- **Problem statement**
Though the entries contain pictures, the copy you make should hold only the rest, exactly as written.
*** Opening Recorded data ***
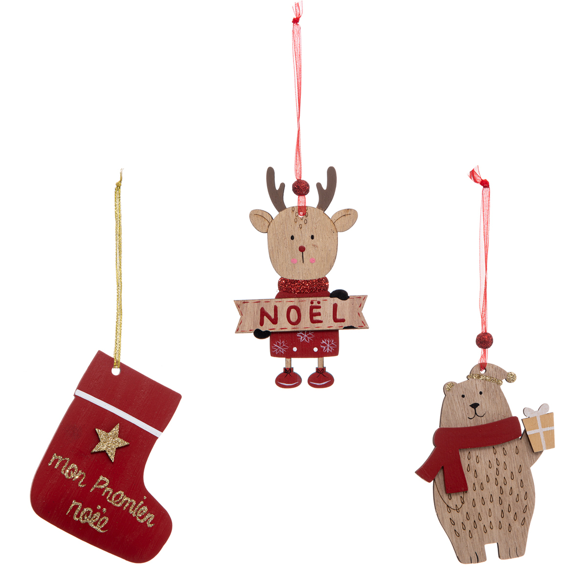 Στολίδια με χριστουγεννιάτικες φιγούρες για τις πρώτες γιορτές με το μωρό σας. Κατασκευασμένα από ξύλο σε φυσική-κόκκινη απόχρωση με λευκές λεπτομέρειες και γκλίτερ. Συνδυάστε διαφορετικά σετ με στολίδια για μία μοναδική γιορτινή διακόσμηση του δέντρου σας.
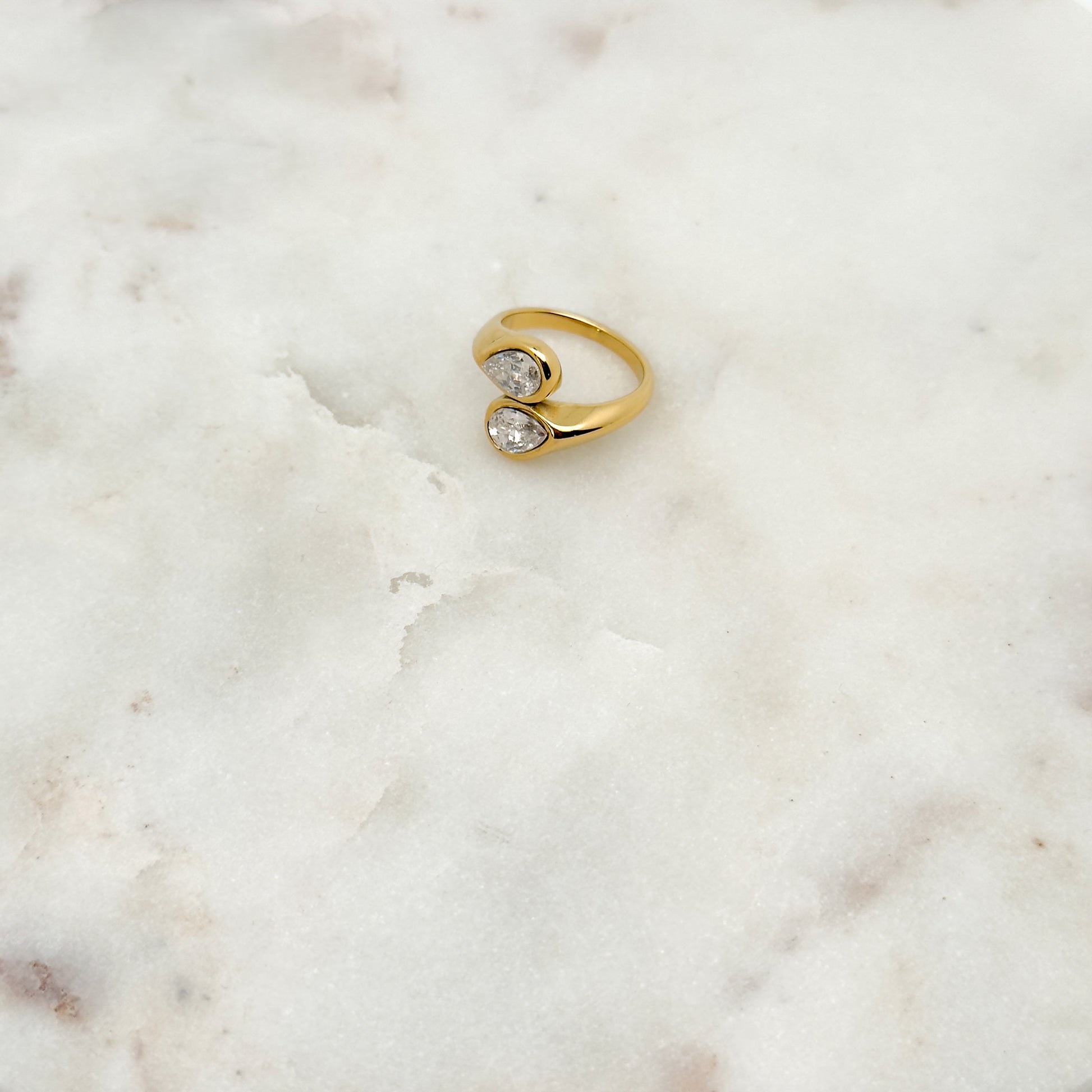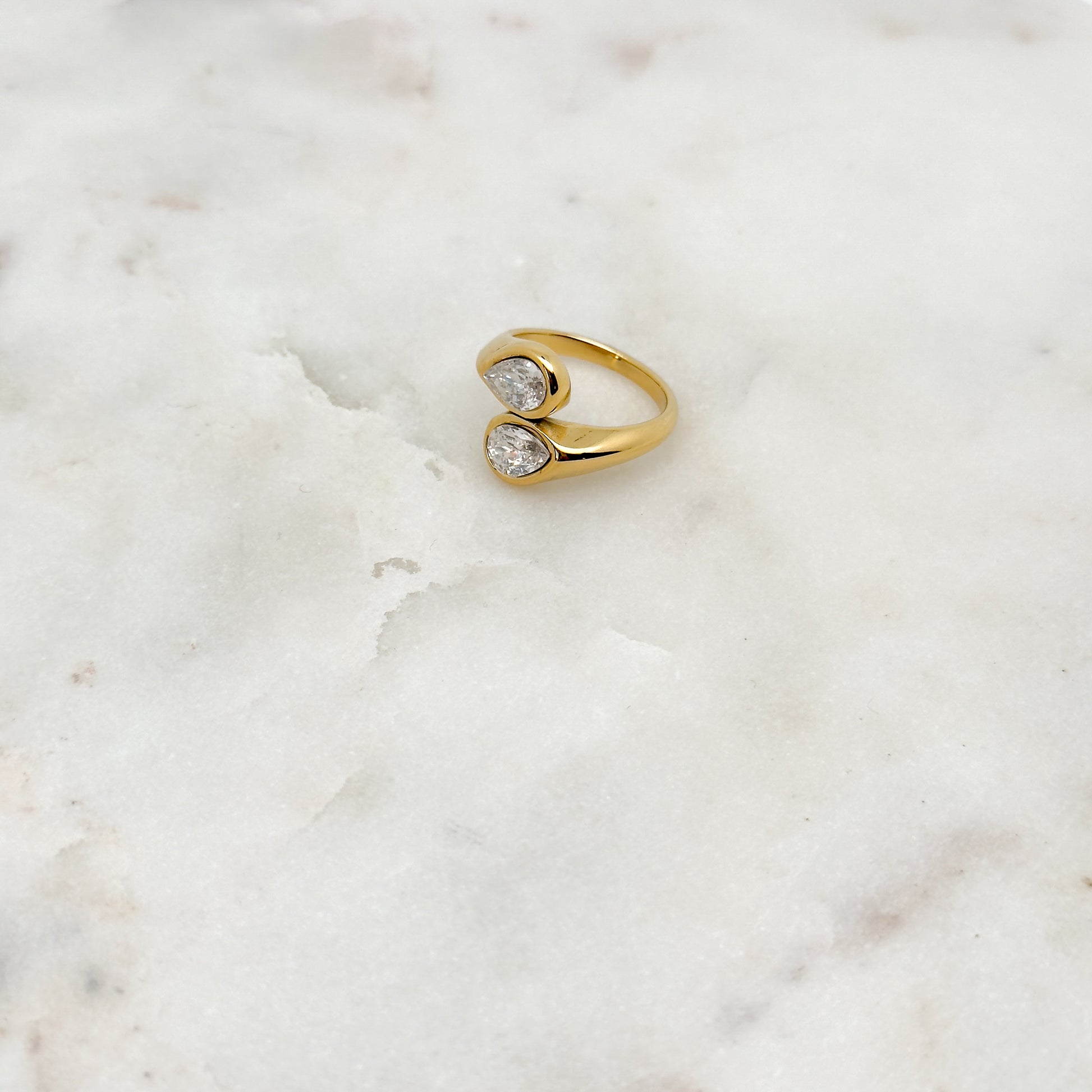 La bague Naora séduit par son design ouvert et ses deux oxydes de zirconium en forme de goutte, qui reflètent la lumière avec éclat. Élégante et moderne, elle apporte une touche de brillance à toutes vos tenues.
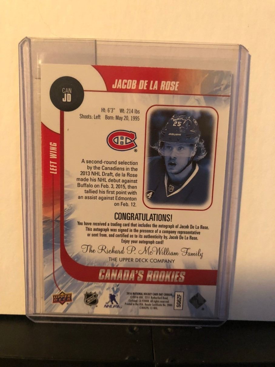 JACOB De La ROSE 2016 UD NHCD AUTOGRAPH
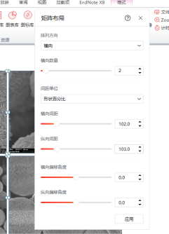 (二)初步排版。选中四张图,点击islide插件→设计排版→矩阵布局,调整横向数量为2,横向间距为102,纵向间距为103,点击应用。
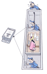 Poznámka správce části Výtahy: V České republice se tato zařízení běžně používají nejen při instalaci nových výtahů, ale i při provádění podstatných změn výtahů. Je ovšem velmi důležité, aby požadavky uvězněných osob v kleci nebo šachtě byly nasměrovány na správné místo - tím má být dispečink servisní firmy, kde mají být "živé" osoby po celých 24 hodin 365 dnů v roce. Většinou není nic platné, když je alarm poslán na mobilní telefon, který je mimo signál nebo vypnut.
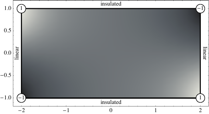 We consider a heat conduction problem on the rectangle \(-2\leq x\leq 2\), \(-1\leq y\leq 1\). The initial temperature distribution is identically zero throughout. At time \(t=0\), the temperature of the vertices are instantly set to either \(1\) or \(-1\) and the edges are either insulated or held at the constant temperature obtained via linear interpolation as indicated in Figure 1. Write down a PDE description of this problem.
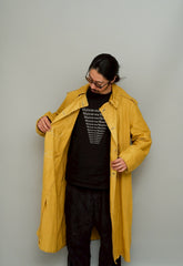 デザインの要点は、クラシカルなダブルブレストの前合わせと、襟元に備えられたチンストラップ。これは風や埃の侵入を防ぐための実用的なディテールであり、同時代のワークウェアやミリタリーコートにも通じる機能性を示しています。ゆったりと広がるシルエットは、当時スーツやドレスの上から羽織ることを前提として設計されており、現代においてはオーバーサイズのアウターとして抜群の存在感を放ちます。袖や肩のカッティングにも独特の立体感があり、機能性だけでなく造形美としての完成度も際立っています。
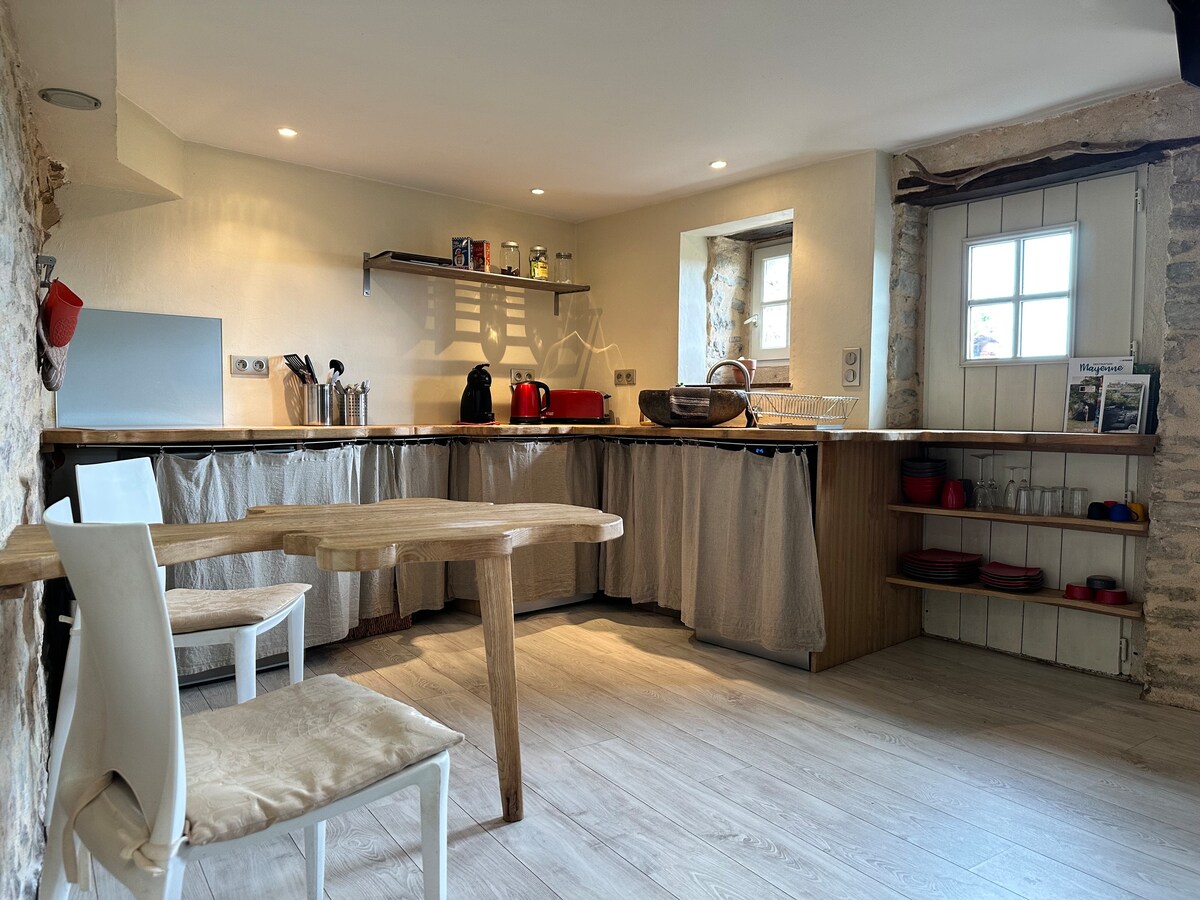 Dođite i otkrijte ovaj pažljivo uređen smeštaj i uživajte u trenutku opuštanja u svom privatnom balneu. Kuća za goste se nalazi 10 minuta od Lavala, u blizini glavnih puteva (autoput 5 min), na obalama Majen i njegove staze za vuču. Uključujući dnevni boravak/dnevni boravak/kuhinju (opremljen i namješten), prostor za spavanje otvoren za privatni đakuzi, tuš-kabinu i toalete. Uživajte u prelepoj bašti i direktnom pristupu stazi za vuču.
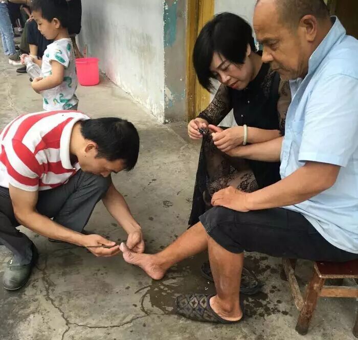 (图为民建会员严陶为老人剪指甲。)
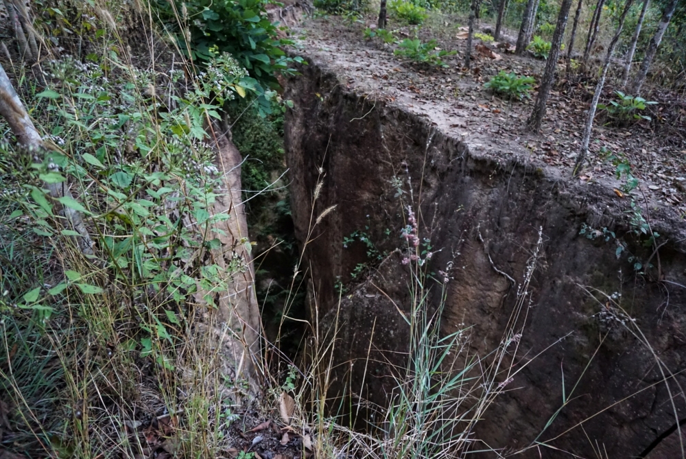 ออกจากกองแลนมา ขับไปก็เจอป้ายน้ำตกแพมบกทางซ้าย เลยเลี้ยวเข้าไปดู เข้าไปตามทางเจอป้าย Land Spit เลยแวะดูสักหน่อย ที่นี่น่าจะเป็นของชาวบ้านท้องถิ่น เป็นรอยแยกแผ่นดินบนเนินเขา ค่าเข้าแล้วแต่จะให้ มีน้ำกระเจี๊ยบเย็นๆบริการนักท่องเที่ยว เริ่มมืดแล้ว เราเลยตกลงกันว่าไม่ไปน้ำตกแล้ว จะไปกินข้าวแทน
*** Closing Recorded data ***
- **Written response**
 Στολίδια με χριστουγεννιάτικες φιγούρες για τις πρώτες γιορτές με το μωρό σας. Κατασκευασμένα από ξύλο σε φυσική-κόκκινη απόχρωση με λευκές λεπτομέρειες και γκλίτερ. Συνδυάστε διαφορετικά σετ με στολίδια για μία μοναδική γιορτινή διακόσμηση του δέντρου σας.
 La bague Naora séduit par son design ouvert et ses deux oxydes de zirconium en forme de goutte, qui reflètent la lumière avec éclat. Élégante et moderne, elle apporte une touche de brillance à toutes vos tenues.
 JACOB De La ROSE 2016 UD NHCD AUTOGRAPH
 (二)初步排版。选中四张图,点击islide插件→设计排版→矩阵布局,调整横向数量为2,横向间距为102,纵向间距为103,点击应用。
 Poznámka správce části Výtahy: V České republice se tato zařízení běžně používají nejen při instalaci nových výtahů, ale i při provádění podstatných změn výtahů. Je ovšem velmi důležité, aby požadavky uvězněných osob v kleci nebo šachtě byly nasměrovány na správné místo - tím má být dispečink servisní firmy, kde mají být "živé" osoby po celých 24 hodin 365 dnů v roce. Většinou není nic platné, když je alarm poslán na mobilní telefon, který je mimo signál nebo vypnut.
 We consider a heat conduction problem on the rectangle \(-2\leq x\leq 2\), \(-1\leq y\leq 1\). The initial temperature distribution is identically zero throughout. At time \(t=0\), the temperature of the vertices are instantly set to either \(1\) or \(-1\) and the edges are either insulated or held at the constant temperature obtained via linear interpolation as indicated in Figure 1. Write down a PDE description of this problem.
 デザインの要点は、クラシカルなダブルブレストの前合わせと、襟元に備えられたチンストラップ。これは風や埃の侵入を防ぐための実用的なディテールであり、同時代のワークウェアやミリタリーコートにも通じる機能性を示しています。ゆったりと広がるシルエットは、当時スーツやドレスの上から羽織ることを前提として設計されており、現代においてはオーバーサイズのアウターとして抜群の存在感を放ちます。袖や肩のカッティングにも独特の立体感があり、機能性だけでなく造形美としての完成度も際立っています。
 Dođite i otkrijte ovaj pažljivo uređen smeštaj i uživajte u trenutku opuštanja u svom privatnom balneu. Kuća za goste se nalazi 10 minuta od Lavala, u blizini glavnih puteva (autoput 5 min), na obalama Majen i njegove staze za vuču. Uključujući dnevni boravak/dnevni boravak/kuhinju (opremljen i namješten), prostor za spavanje otvoren za privatni đakuzi, tuš-kabinu i toalete. Uživajte u prelepoj bašti i direktnom pristupu stazi za vuču.
 (图为民建会员严陶为老人剪指甲。)
 ออกจากกองแลนมา ขับไปก็เจอป้ายน้ำตกแพมบกทางซ้าย เลยเลี้ยวเข้าไปดู เข้าไปตามทางเจอป้าย Land Spit เลยแวะดูสักหน่อย ที่นี่น่าจะเป็นของชาวบ้านท้องถิ่น เป็นรอยแยกแผ่นดินบนเนินเขา ค่าเข้าแล้วแต่จะให้ มีน้ำกระเจี๊ยบเย็นๆบริการนักท่องเที่ยว เริ่มมืดแล้ว เราเลยตกลงกันว่าไม่ไปน้ำตกแล้ว จะไปกินข้าวแทน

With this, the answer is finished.